All that is wanted is the lines from the first line of the listing below through the line containing "2)5年ごとに浄水器本体の無償交換", written out exactly with pictures left out.
(Beginning of RECORDS PROVIDED)
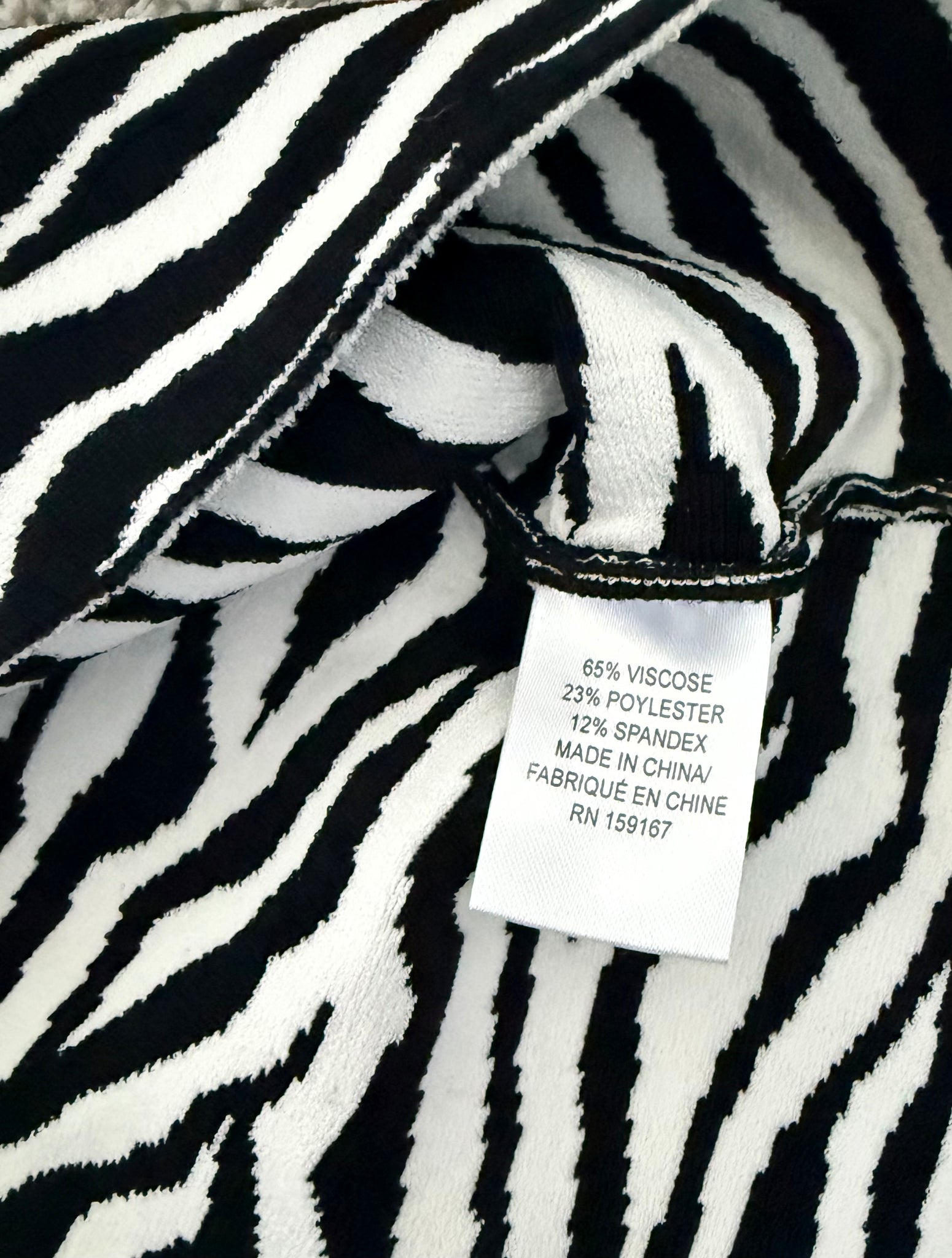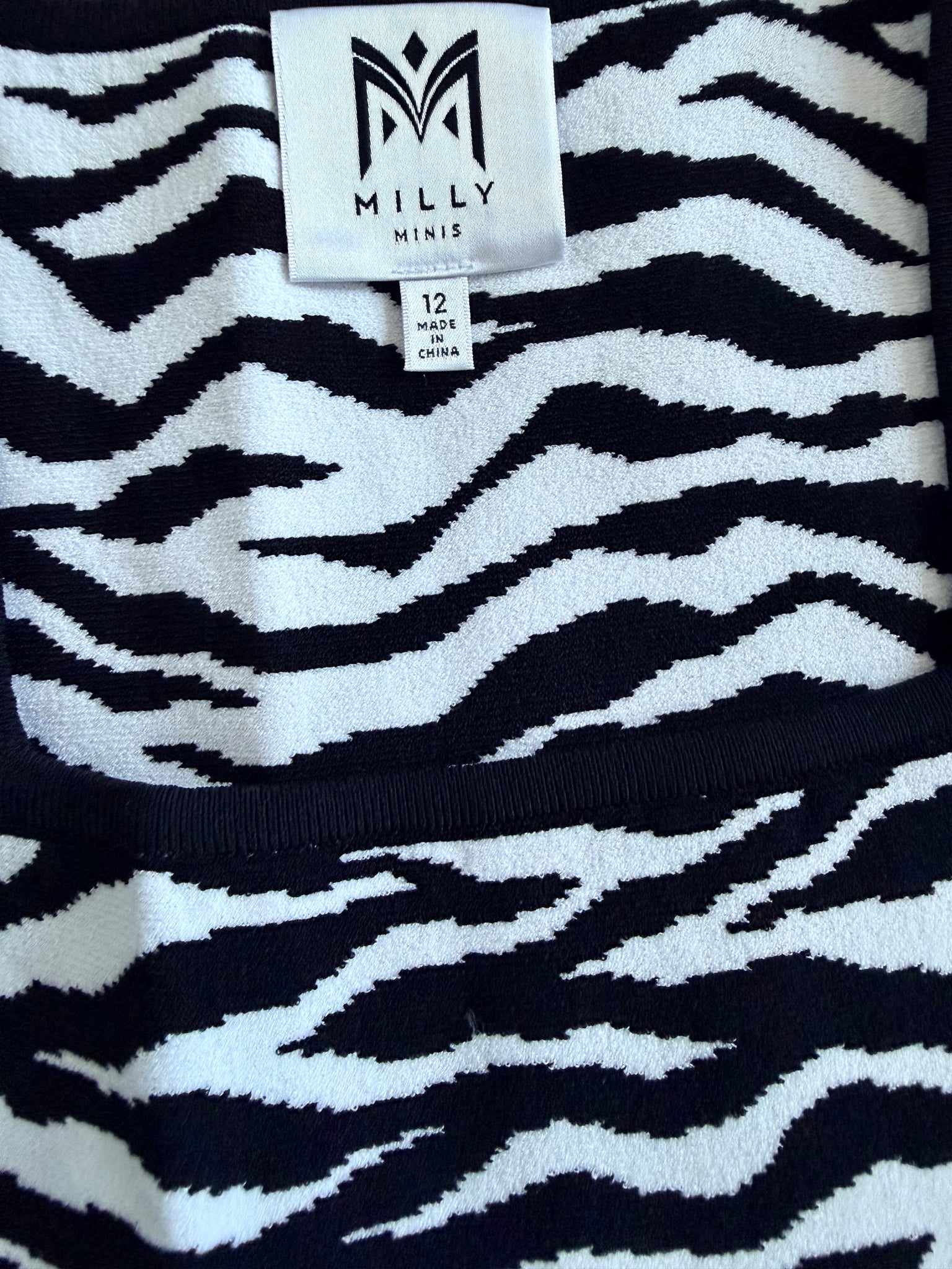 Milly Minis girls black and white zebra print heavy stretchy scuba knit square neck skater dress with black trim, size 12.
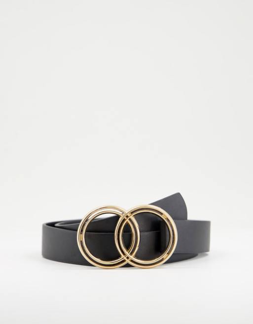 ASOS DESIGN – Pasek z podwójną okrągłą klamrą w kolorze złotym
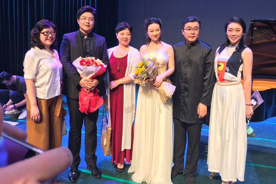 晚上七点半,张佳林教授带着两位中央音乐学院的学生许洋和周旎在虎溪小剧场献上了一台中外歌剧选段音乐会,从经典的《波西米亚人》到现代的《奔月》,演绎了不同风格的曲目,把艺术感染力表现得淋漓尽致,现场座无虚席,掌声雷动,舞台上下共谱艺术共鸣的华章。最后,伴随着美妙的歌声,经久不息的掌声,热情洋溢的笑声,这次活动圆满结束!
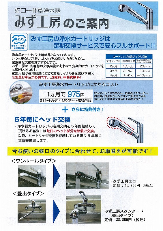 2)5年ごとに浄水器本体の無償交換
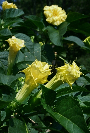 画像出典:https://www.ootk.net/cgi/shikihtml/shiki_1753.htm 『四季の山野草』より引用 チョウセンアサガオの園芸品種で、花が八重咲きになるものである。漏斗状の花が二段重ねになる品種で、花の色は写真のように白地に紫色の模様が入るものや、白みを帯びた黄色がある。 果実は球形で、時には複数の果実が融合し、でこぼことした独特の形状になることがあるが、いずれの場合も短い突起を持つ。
(End of RECORDS PROVIDED)
> **SOLUTION TO THIS PROBLEM**:
 Milly Minis girls black and white zebra print heavy stretchy scuba knit square neck skater dress with black trim, size 12.
 ASOS DESIGN – Pasek z podwójną okrągłą klamrą w kolorze złotym
 晚上七点半,张佳林教授带着两位中央音乐学院的学生许洋和周旎在虎溪小剧场献上了一台中外歌剧选段音乐会,从经典的《波西米亚人》到现代的《奔月》,演绎了不同风格的曲目,把艺术感染力表现得淋漓尽致,现场座无虚席,掌声雷动,舞台上下共谱艺术共鸣的华章。最后,伴随着美妙的歌声,经久不息的掌声,热情洋溢的笑声,这次活动圆满结束!
 2)5年ごとに浄水器本体の無償交換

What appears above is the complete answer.